Или всё же поэт, постигающий главное: жизнь, смерть, любовь, природу, космос, хаос… Поэт свободный, мыслящий, страдающий, думающий стихи.
Мысль отвесна,
потому что ей тесно
везде:
в небе, в огне, в воде.
Быть отвесной —
значит стоять над бездной —
быть частью бездны,
где темнота и свет отвесны.
Мы отвесны,
и снежинки летят из бездны —
чьи-то взгляды:
господи, снегопады…
Поэтическая мысль не ведает границ; «вытесняя пустоту, она воспламеняется, ветвится, отражаясь в своём горении». Подобно электрическому току распространяется по временам и пространствам со скоростью выше скорости света и тьмы, совершая при этом невообразимую работу над словом. Поэтическая мысль материальна, но материя, данная лишь в ощущении, неуловима для обывателя. Поэт, синтезируя неустанно в бескрайней химической лаборатории, имеет дело с субстанцией высшего порядка, состоящей из молекул хаоса, космоса, жизни, смерти и любви — веществом поэзии. О происхождении этой загадочной субстанции догадаться не так уж и сложно…

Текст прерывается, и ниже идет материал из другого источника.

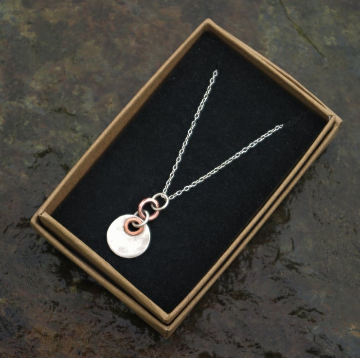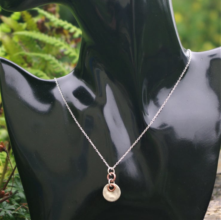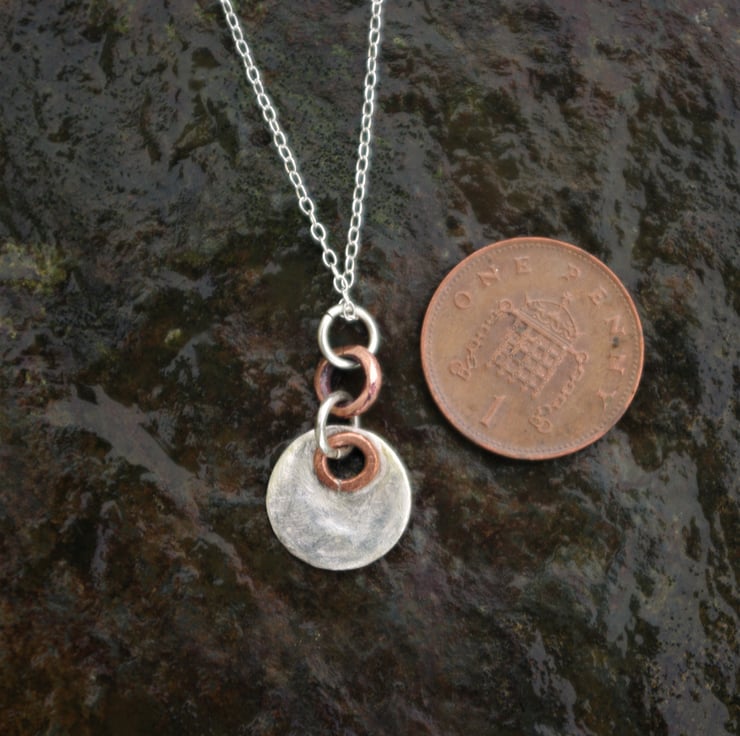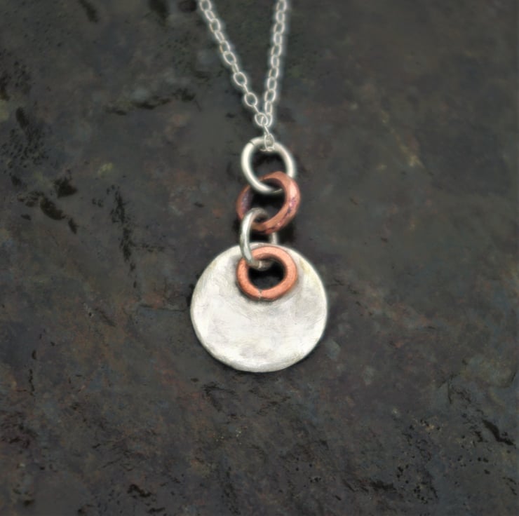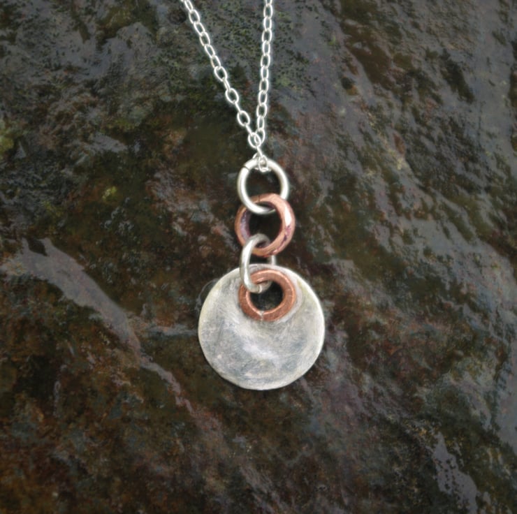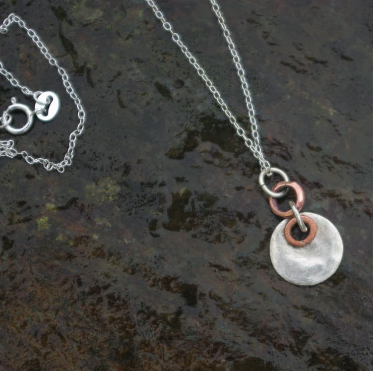 A small, slightly hammered, delicate silver circular disc with inlaid copper circle, hangs from a silver chain, joined by a second copper ring. The copper is in its raw untreated state. All silver is sterling silver

Висеть над бездной по Хайдеггеру — быть во времени мира, у которого отсутствует дно, от которого мир может оттолкнуться. «Если даже этому скудному времени и предстоит совершить еще один поворот, он может наступить, лишь, когда мир обратится к дну, а это непременно должно означать — от бездны. Но для этого необходимо, чтобы были такие, которые спустились в бездну». Кто, как не поэт, носитель и повелитель мысли, трансформирующий её колоссальную энергию в энергию поэтической гармонии, способен на такой духовный поступок. Наделённый фасеточным зрением, позволяющим видеть ускользающее от традиционного взгляда, и умением видеть и слышать — подмечать, анализировать и осмыслять воспринятое органами зрения и слуха «выглядывающий из высоты» поэт открывает глубину в глубине. В глубине, «о которой не подозревал», открывает глубину иную: «музыки иная глубина»…
Дерева глубина
ходит в лесу одна,
ягоды обивает с веток
твоих, моих —
воздух горчит от них,
мягких и голубых —
в губы берёшь одну —
самую глубину,
чтобы ходить по дну…
В этом, полагаю, и заключается божественная сущность поэзии. Подлинная поэзия — это, прежде всего, диалог с Богом, живущим внутри каждой вещи, внутри каждого звука. Слух поэта, «вырывая с корнем из небес и тишину, и тёмный лес», «как птицу, ловит чудо». Поэт слышит как «звук осторожный и непостижимый», так и «цикаду в кусте Кассиопеи»… Слышит он и оркестр тишины, пленяющий виолончелью ветра, скрипками осин, фаготами дубов, барабанами дятлов — музыку, в которой незримо присутствуют и беззвучная речь, и безмолвное пение.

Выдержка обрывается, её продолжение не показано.